The key to success, Clinton strategists say, is persuading the middle class that guaranteed health security is worth making sacrifices for. "When President Clinton called for higher taxes in February, he didn't drop 10 points, which is what you would normally expect," Greenberg says. "I suspect that when we present our health-care program, the same thing will happen. After voters see that this guy really wants to change things for the better, his numbers will actually bounce up."

Maybe. But Republicans doubt the bounce will last long. They expect health care to be a major downer for the President. "Eventually, his numbers will nosedive," says Republican pollster Anthony Fabrizio. He thinks the public's mood will shift after the GOP attacks the plan's reliance on "big spending, big government, and more regulation."

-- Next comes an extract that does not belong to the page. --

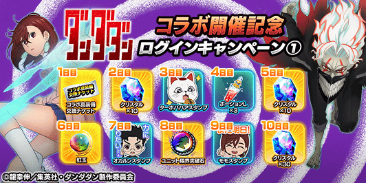 TVアニメ「ダンダダン」とのコラボ前編開催を記念し、下記の期間、ログインキャンペーンを開催します。

Even if a determined Clinton lobbying blitz wins passage of major elements of a reform program this year--a big if--the Republicans are poised to strike. Clinton has promised not only to provide universal health coverage but to save business and taxpayers billions in the process. "There's a clear expectation that health-care costs will be brought down," says the GOP's Goeas. "If costs are still rising at the next election, he will have failed."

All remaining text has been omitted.